• [Available data]:
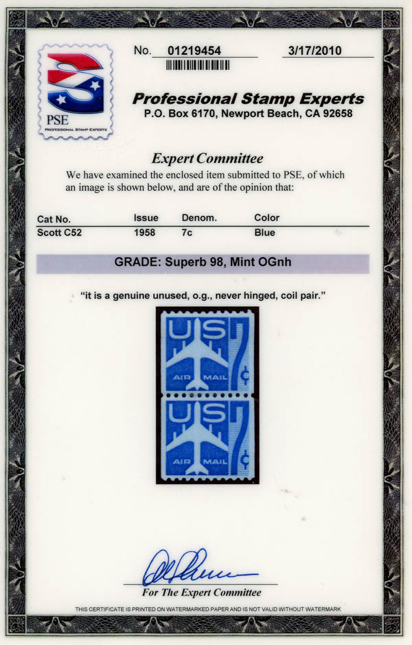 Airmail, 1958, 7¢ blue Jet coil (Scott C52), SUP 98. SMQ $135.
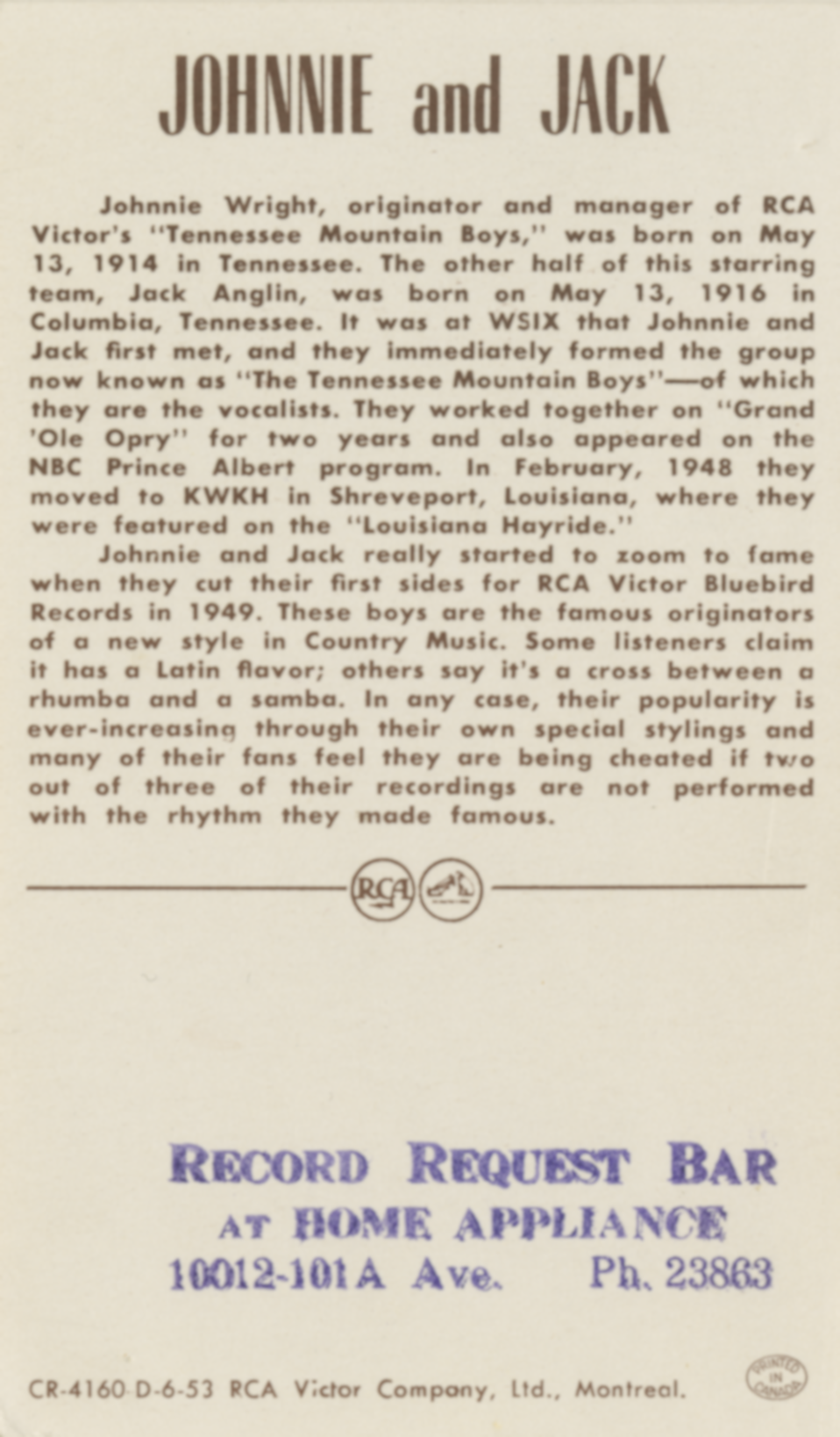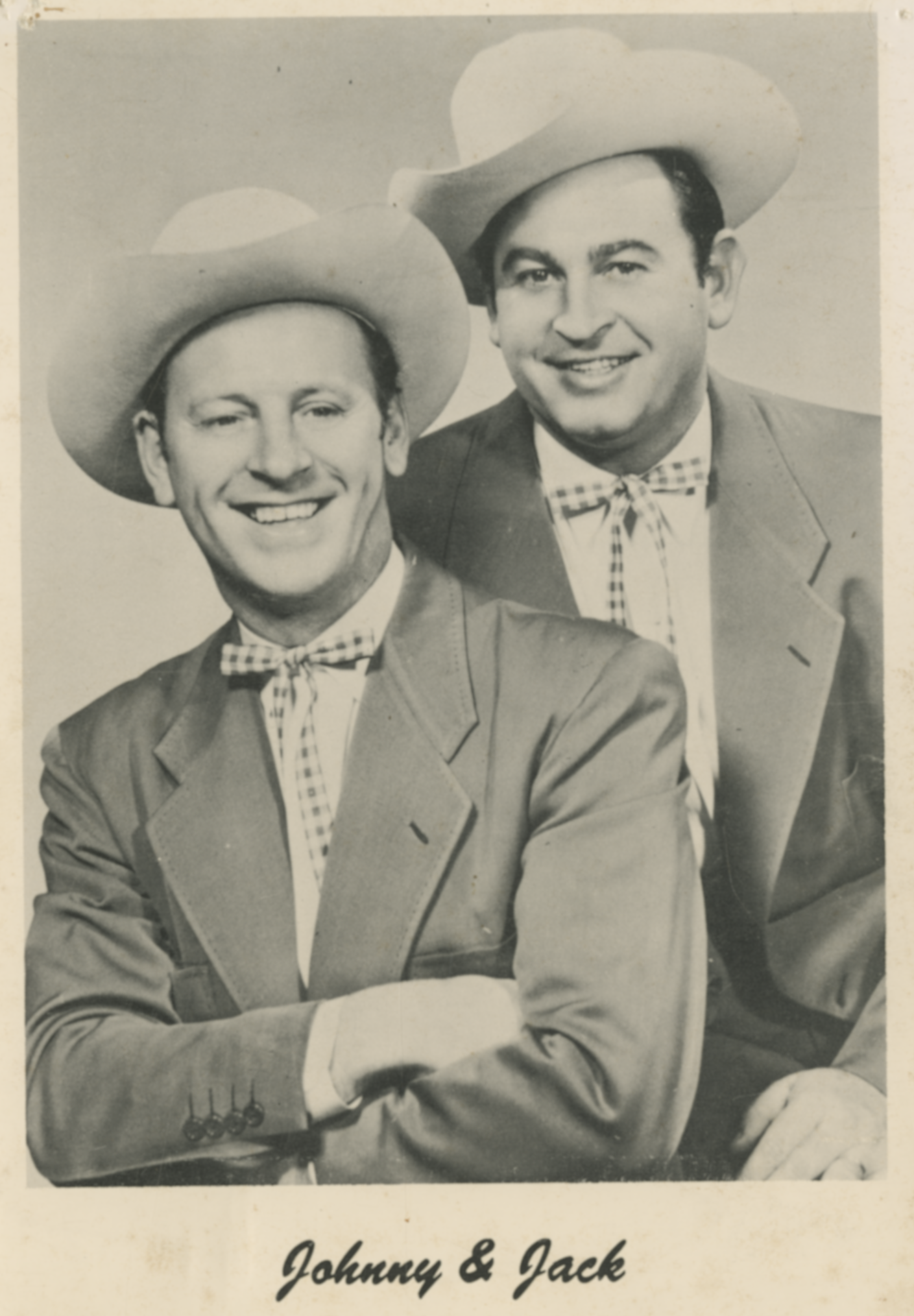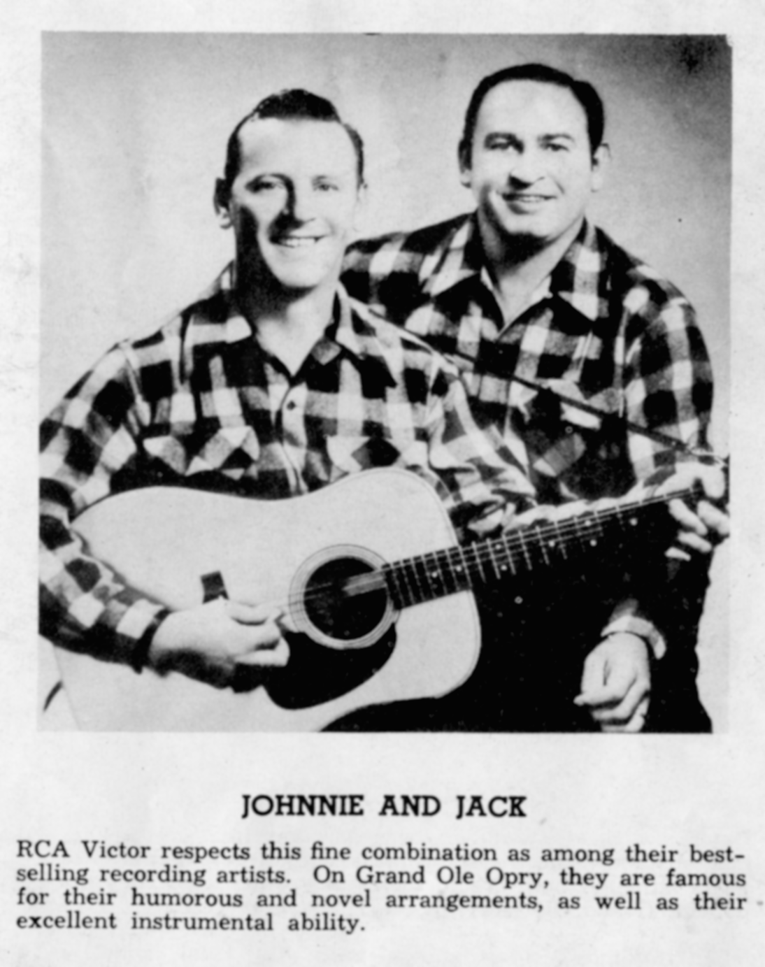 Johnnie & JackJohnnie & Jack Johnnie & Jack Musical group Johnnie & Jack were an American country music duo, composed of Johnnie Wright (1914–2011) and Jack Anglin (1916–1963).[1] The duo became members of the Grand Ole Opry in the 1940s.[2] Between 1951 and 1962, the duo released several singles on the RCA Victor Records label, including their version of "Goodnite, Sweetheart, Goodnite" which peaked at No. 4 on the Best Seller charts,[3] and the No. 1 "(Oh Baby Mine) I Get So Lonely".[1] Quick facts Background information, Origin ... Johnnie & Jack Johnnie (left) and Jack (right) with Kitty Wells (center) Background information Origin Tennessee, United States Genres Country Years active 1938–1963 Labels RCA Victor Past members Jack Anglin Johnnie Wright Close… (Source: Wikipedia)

==

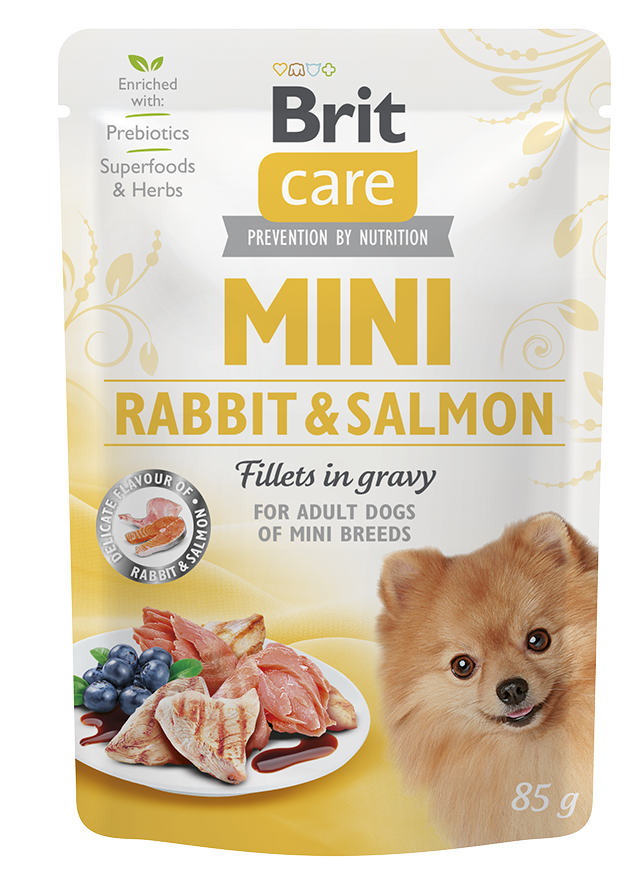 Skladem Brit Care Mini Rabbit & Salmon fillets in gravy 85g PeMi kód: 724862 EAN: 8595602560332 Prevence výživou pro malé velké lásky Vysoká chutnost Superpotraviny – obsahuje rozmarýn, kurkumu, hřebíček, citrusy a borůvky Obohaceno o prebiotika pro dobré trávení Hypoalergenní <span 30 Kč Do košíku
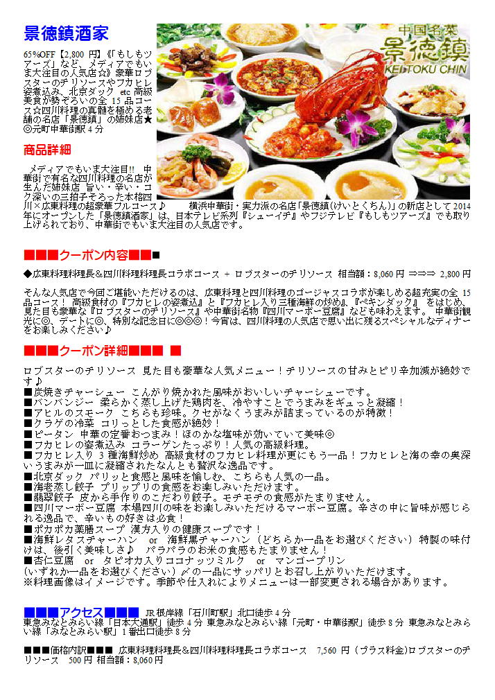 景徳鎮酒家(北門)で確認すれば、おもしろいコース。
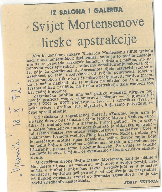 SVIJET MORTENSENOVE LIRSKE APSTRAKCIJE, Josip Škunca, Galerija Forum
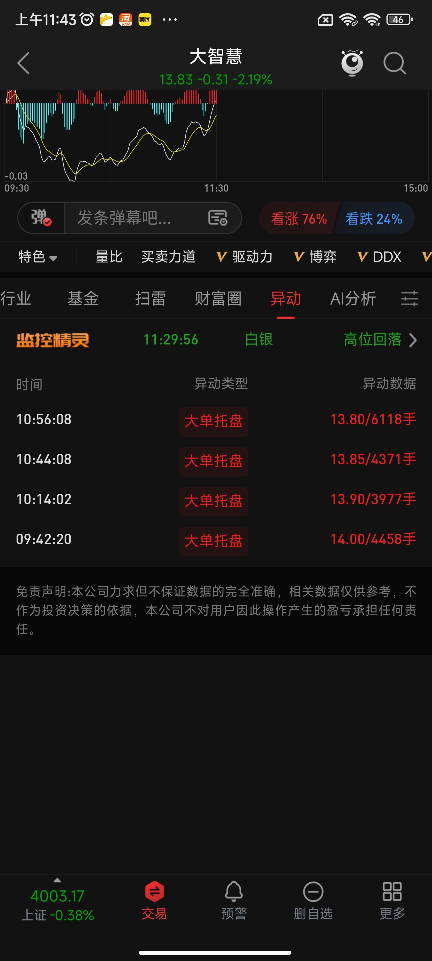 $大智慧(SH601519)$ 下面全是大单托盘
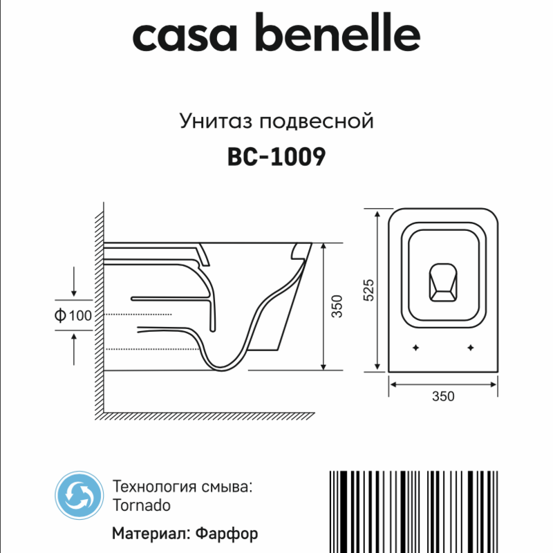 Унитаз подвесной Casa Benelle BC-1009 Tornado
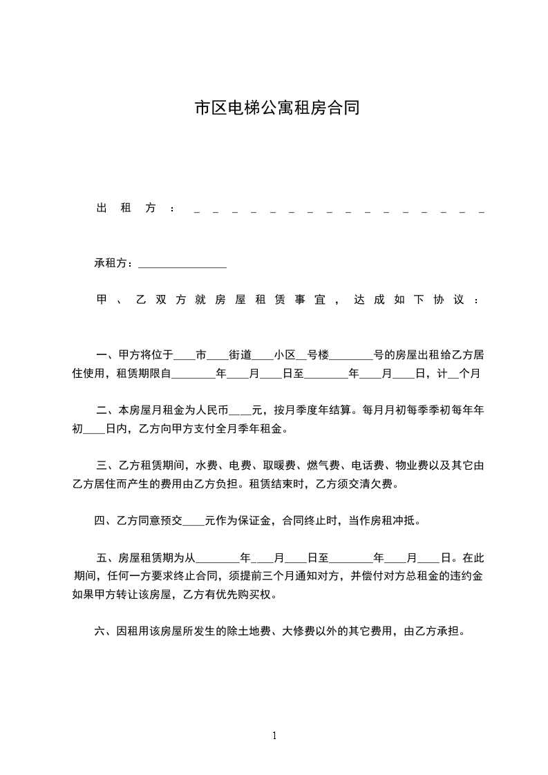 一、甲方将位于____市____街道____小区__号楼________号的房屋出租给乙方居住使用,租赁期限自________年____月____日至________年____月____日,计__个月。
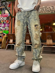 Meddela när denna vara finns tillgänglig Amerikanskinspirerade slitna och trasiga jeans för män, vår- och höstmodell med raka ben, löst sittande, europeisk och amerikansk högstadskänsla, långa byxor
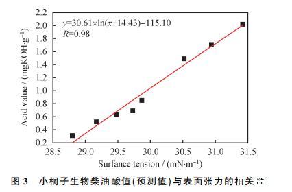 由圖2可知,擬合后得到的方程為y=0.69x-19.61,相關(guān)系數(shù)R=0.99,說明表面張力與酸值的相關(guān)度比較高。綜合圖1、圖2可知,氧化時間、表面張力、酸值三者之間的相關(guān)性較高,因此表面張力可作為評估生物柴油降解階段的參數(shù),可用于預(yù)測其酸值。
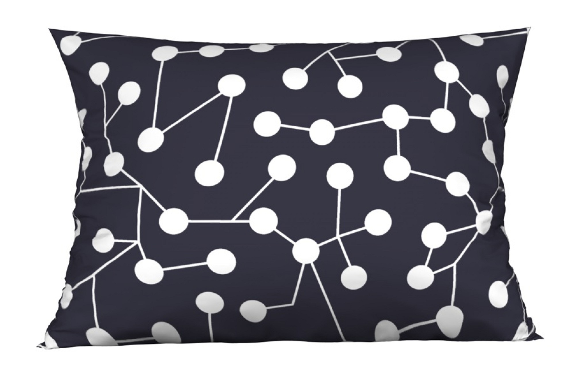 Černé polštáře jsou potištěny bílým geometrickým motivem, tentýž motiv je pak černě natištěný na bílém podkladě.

• [Brief]:
Copy the entries above exactly, but only the stretch from the line containing "Airmail, 1958, 7¢" through the line containing "Johnnie & JackJohnnie". Keep both end lines; drop the pictures.

• [Result]:
 Airmail, 1958, 7¢ blue Jet coil (Scott C52), SUP 98. SMQ $135.
 Johnnie & JackJohnnie & Jack Johnnie & Jack Musical group Johnnie & Jack were an American country music duo, composed of Johnnie Wright (1914–2011) and Jack Anglin (1916–1963).[1] The duo became members of the Grand Ole Opry in the 1940s.[2] Between 1951 and 1962, the duo released several singles on the RCA Victor Records label, including their version of "Goodnite, Sweetheart, Goodnite" which peaked at No. 4 on the Best Seller charts,[3] and the No. 1 "(Oh Baby Mine) I Get So Lonely".[1] Quick facts Background information, Origin ... Johnnie & Jack Johnnie (left) and Jack (right) with Kitty Wells (center) Background information Origin Tennessee, United States Genres Country Years active 1938–1963 Labels RCA Victor Past members Jack Anglin Johnnie Wright Close… (Source: Wikipedia)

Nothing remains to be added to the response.